__DATA TO EXAMINE__.
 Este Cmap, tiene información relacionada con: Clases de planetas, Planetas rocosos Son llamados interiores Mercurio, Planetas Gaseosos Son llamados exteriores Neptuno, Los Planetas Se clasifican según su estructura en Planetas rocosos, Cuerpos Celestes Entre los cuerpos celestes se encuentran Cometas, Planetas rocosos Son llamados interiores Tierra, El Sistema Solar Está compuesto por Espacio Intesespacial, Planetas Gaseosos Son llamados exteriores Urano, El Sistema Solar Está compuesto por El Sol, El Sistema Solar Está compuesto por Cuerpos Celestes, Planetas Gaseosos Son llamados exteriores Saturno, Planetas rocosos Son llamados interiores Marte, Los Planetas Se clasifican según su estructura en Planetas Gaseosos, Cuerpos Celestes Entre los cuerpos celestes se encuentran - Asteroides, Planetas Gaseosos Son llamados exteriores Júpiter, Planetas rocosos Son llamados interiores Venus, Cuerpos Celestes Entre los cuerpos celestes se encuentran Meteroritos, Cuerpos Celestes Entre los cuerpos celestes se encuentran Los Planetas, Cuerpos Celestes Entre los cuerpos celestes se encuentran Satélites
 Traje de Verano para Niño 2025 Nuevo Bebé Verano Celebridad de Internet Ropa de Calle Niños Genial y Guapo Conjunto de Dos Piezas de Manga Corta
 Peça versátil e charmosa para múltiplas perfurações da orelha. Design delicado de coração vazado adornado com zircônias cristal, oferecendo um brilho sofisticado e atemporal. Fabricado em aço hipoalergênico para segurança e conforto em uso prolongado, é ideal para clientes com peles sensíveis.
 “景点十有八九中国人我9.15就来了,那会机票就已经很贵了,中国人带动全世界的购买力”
--
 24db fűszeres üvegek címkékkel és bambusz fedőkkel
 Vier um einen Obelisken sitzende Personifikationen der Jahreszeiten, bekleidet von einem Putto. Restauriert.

__TASK GOAL__. Among the lines above, find those with the word "para". Copy them.

__TASK ANSWER__.
 Traje de Verano para Niño 2025 Nuevo Bebé Verano Celebridad de Internet Ropa de Calle Niños Genial y Guapo Conjunto de Dos Piezas de Manga Corta
 Peça versátil e charmosa para múltiplas perfurações da orelha. Design delicado de coração vazado adornado com zircônias cristal, oferecendo um brilho sofisticado e atemporal. Fabricado em aço hipoalergênico para segurança e conforto em uso prolongado, é ideal para clientes com peles sensíveis.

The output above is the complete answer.